▶ Requirement: The records, repeated exactly and in full, are the expected answer.

▶ Extracted entries:
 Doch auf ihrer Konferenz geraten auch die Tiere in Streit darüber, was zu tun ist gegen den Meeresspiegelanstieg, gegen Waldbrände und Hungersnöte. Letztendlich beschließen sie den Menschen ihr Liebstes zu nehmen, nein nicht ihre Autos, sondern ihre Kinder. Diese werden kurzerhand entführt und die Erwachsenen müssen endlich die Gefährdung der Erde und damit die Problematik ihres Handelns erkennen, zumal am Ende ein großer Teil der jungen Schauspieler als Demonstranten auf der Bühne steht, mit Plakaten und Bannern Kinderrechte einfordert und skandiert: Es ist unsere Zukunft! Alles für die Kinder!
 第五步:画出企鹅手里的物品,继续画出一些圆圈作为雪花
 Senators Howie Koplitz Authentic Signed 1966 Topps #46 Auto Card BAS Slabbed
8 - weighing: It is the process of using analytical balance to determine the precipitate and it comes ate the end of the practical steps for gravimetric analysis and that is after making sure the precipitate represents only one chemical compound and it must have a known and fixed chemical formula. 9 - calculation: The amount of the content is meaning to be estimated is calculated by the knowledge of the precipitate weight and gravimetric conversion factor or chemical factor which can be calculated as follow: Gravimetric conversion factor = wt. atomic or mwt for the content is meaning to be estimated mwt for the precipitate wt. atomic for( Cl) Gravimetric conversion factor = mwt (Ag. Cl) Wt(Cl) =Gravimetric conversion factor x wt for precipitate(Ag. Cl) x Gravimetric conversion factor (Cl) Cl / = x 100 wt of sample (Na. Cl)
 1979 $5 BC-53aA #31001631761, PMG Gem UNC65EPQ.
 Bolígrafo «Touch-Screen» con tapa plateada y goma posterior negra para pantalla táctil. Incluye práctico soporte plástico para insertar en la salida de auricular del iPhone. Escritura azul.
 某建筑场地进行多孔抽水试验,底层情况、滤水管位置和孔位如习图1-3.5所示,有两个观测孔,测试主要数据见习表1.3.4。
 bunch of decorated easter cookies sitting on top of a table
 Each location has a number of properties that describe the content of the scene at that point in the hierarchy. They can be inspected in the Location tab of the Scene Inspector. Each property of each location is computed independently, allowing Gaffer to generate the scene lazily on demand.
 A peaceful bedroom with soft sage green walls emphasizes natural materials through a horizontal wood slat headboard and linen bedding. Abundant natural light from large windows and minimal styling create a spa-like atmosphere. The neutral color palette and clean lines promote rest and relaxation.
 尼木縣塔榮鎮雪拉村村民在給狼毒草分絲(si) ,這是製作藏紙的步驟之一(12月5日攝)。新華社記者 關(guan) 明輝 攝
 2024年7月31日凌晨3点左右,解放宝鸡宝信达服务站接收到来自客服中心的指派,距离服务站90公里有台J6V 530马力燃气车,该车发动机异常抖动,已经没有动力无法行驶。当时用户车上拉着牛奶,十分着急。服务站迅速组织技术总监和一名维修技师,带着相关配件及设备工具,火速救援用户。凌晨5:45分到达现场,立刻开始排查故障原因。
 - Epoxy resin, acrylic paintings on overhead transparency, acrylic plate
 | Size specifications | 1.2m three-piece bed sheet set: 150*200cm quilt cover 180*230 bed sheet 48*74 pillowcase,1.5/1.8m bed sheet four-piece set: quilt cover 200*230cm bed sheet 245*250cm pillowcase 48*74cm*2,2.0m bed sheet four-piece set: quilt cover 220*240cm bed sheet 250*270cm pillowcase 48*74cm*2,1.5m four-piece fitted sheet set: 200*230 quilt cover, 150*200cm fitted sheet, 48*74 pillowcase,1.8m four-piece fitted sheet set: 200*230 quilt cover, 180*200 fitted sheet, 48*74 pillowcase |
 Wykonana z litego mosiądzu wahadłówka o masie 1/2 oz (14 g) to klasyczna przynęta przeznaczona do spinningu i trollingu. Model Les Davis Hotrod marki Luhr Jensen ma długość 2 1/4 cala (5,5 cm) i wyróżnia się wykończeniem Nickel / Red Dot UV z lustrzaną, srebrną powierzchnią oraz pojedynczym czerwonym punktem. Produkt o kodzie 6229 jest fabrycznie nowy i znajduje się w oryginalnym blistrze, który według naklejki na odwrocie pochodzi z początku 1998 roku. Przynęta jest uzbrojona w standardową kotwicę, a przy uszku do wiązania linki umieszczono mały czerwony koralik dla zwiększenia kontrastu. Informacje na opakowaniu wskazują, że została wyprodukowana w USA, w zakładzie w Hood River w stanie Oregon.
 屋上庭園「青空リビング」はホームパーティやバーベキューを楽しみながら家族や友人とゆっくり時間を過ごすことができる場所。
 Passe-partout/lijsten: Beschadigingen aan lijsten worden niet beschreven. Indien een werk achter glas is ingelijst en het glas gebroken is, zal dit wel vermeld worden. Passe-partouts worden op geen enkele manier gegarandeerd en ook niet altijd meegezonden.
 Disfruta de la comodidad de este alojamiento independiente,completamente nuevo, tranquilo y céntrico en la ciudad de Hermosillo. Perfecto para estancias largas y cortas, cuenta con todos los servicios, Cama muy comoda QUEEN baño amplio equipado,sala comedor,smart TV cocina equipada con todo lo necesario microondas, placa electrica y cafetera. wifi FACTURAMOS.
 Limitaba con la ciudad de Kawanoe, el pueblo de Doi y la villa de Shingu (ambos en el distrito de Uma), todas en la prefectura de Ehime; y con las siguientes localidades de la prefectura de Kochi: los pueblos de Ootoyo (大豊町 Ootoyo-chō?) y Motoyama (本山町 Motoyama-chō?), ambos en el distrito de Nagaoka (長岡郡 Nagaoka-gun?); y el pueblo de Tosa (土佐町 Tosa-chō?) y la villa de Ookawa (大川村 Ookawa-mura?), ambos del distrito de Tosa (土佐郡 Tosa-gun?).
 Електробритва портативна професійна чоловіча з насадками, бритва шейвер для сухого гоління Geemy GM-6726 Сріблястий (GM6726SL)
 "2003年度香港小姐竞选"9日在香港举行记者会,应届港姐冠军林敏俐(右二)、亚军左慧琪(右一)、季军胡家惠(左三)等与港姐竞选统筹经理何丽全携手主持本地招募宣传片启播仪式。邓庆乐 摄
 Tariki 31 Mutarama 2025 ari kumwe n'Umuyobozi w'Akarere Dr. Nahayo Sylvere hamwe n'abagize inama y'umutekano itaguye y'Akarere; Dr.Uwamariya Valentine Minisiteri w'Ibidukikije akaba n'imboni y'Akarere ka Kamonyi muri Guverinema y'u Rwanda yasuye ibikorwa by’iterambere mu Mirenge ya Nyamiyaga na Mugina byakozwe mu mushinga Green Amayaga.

▶ Task result:
 Doch auf ihrer Konferenz geraten auch die Tiere in Streit darüber, was zu tun ist gegen den Meeresspiegelanstieg, gegen Waldbrände und Hungersnöte. Letztendlich beschließen sie den Menschen ihr Liebstes zu nehmen, nein nicht ihre Autos, sondern ihre Kinder. Diese werden kurzerhand entführt und die Erwachsenen müssen endlich die Gefährdung der Erde und damit die Problematik ihres Handelns erkennen, zumal am Ende ein großer Teil der jungen Schauspieler als Demonstranten auf der Bühne steht, mit Plakaten und Bannern Kinderrechte einfordert und skandiert: Es ist unsere Zukunft! Alles für die Kinder!
 第五步:画出企鹅手里的物品,继续画出一些圆圈作为雪花
 Senators Howie Koplitz Authentic Signed 1966 Topps #46 Auto Card BAS Slabbed
8 - weighing: It is the process of using analytical balance to determine the precipitate and it comes ate the end of the practical steps for gravimetric analysis and that is after making sure the precipitate represents only one chemical compound and it must have a known and fixed chemical formula. 9 - calculation: The amount of the content is meaning to be estimated is calculated by the knowledge of the precipitate weight and gravimetric conversion factor or chemical factor which can be calculated as follow: Gravimetric conversion factor = wt. atomic or mwt for the content is meaning to be estimated mwt for the precipitate wt. atomic for( Cl) Gravimetric conversion factor = mwt (Ag. Cl) Wt(Cl) =Gravimetric conversion factor x wt for precipitate(Ag. Cl) x Gravimetric conversion factor (Cl) Cl / = x 100 wt of sample (Na. Cl)
 1979 $5 BC-53aA #31001631761, PMG Gem UNC65EPQ.
 Bolígrafo «Touch-Screen» con tapa plateada y goma posterior negra para pantalla táctil. Incluye práctico soporte plástico para insertar en la salida de auricular del iPhone. Escritura azul.
 某建筑场地进行多孔抽水试验,底层情况、滤水管位置和孔位如习图1-3.5所示,有两个观测孔,测试主要数据见习表1.3.4。
 bunch of decorated easter cookies sitting on top of a table
 Each location has a number of properties that describe the content of the scene at that point in the hierarchy. They can be inspected in the Location tab of the Scene Inspector. Each property of each location is computed independently, allowing Gaffer to generate the scene lazily on demand.
 A peaceful bedroom with soft sage green walls emphasizes natural materials through a horizontal wood slat headboard and linen bedding. Abundant natural light from large windows and minimal styling create a spa-like atmosphere. The neutral color palette and clean lines promote rest and relaxation.
 尼木縣塔榮鎮雪拉村村民在給狼毒草分絲(si) ,這是製作藏紙的步驟之一(12月5日攝)。新華社記者 關(guan) 明輝 攝
 2024年7月31日凌晨3点左右,解放宝鸡宝信达服务站接收到来自客服中心的指派,距离服务站90公里有台J6V 530马力燃气车,该车发动机异常抖动,已经没有动力无法行驶。当时用户车上拉着牛奶,十分着急。服务站迅速组织技术总监和一名维修技师,带着相关配件及设备工具,火速救援用户。凌晨5:45分到达现场,立刻开始排查故障原因。
 - Epoxy resin, acrylic paintings on overhead transparency, acrylic plate
 | Size specifications | 1.2m three-piece bed sheet set: 150*200cm quilt cover 180*230 bed sheet 48*74 pillowcase,1.5/1.8m bed sheet four-piece set: quilt cover 200*230cm bed sheet 245*250cm pillowcase 48*74cm*2,2.0m bed sheet four-piece set: quilt cover 220*240cm bed sheet 250*270cm pillowcase 48*74cm*2,1.5m four-piece fitted sheet set: 200*230 quilt cover, 150*200cm fitted sheet, 48*74 pillowcase,1.8m four-piece fitted sheet set: 200*230 quilt cover, 180*200 fitted sheet, 48*74 pillowcase |
 Wykonana z litego mosiądzu wahadłówka o masie 1/2 oz (14 g) to klasyczna przynęta przeznaczona do spinningu i trollingu. Model Les Davis Hotrod marki Luhr Jensen ma długość 2 1/4 cala (5,5 cm) i wyróżnia się wykończeniem Nickel / Red Dot UV z lustrzaną, srebrną powierzchnią oraz pojedynczym czerwonym punktem. Produkt o kodzie 6229 jest fabrycznie nowy i znajduje się w oryginalnym blistrze, który według naklejki na odwrocie pochodzi z początku 1998 roku. Przynęta jest uzbrojona w standardową kotwicę, a przy uszku do wiązania linki umieszczono mały czerwony koralik dla zwiększenia kontrastu. Informacje na opakowaniu wskazują, że została wyprodukowana w USA, w zakładzie w Hood River w stanie Oregon.
 屋上庭園「青空リビング」はホームパーティやバーベキューを楽しみながら家族や友人とゆっくり時間を過ごすことができる場所。
 Passe-partout/lijsten: Beschadigingen aan lijsten worden niet beschreven. Indien een werk achter glas is ingelijst en het glas gebroken is, zal dit wel vermeld worden. Passe-partouts worden op geen enkele manier gegarandeerd en ook niet altijd meegezonden.
 Disfruta de la comodidad de este alojamiento independiente,completamente nuevo, tranquilo y céntrico en la ciudad de Hermosillo. Perfecto para estancias largas y cortas, cuenta con todos los servicios, Cama muy comoda QUEEN baño amplio equipado,sala comedor,smart TV cocina equipada con todo lo necesario microondas, placa electrica y cafetera. wifi FACTURAMOS.
 Limitaba con la ciudad de Kawanoe, el pueblo de Doi y la villa de Shingu (ambos en el distrito de Uma), todas en la prefectura de Ehime; y con las siguientes localidades de la prefectura de Kochi: los pueblos de Ootoyo (大豊町 Ootoyo-chō?) y Motoyama (本山町 Motoyama-chō?), ambos en el distrito de Nagaoka (長岡郡 Nagaoka-gun?); y el pueblo de Tosa (土佐町 Tosa-chō?) y la villa de Ookawa (大川村 Ookawa-mura?), ambos del distrito de Tosa (土佐郡 Tosa-gun?).
 Електробритва портативна професійна чоловіча з насадками, бритва шейвер для сухого гоління Geemy GM-6726 Сріблястий (GM6726SL)
 "2003年度香港小姐竞选"9日在香港举行记者会,应届港姐冠军林敏俐(右二)、亚军左慧琪(右一)、季军胡家惠(左三)等与港姐竞选统筹经理何丽全携手主持本地招募宣传片启播仪式。邓庆乐 摄
 Tariki 31 Mutarama 2025 ari kumwe n'Umuyobozi w'Akarere Dr. Nahayo Sylvere hamwe n'abagize inama y'umutekano itaguye y'Akarere; Dr.Uwamariya Valentine Minisiteri w'Ibidukikije akaba n'imboni y'Akarere ka Kamonyi muri Guverinema y'u Rwanda yasuye ibikorwa by’iterambere mu Mirenge ya Nyamiyaga na Mugina byakozwe mu mushinga Green Amayaga.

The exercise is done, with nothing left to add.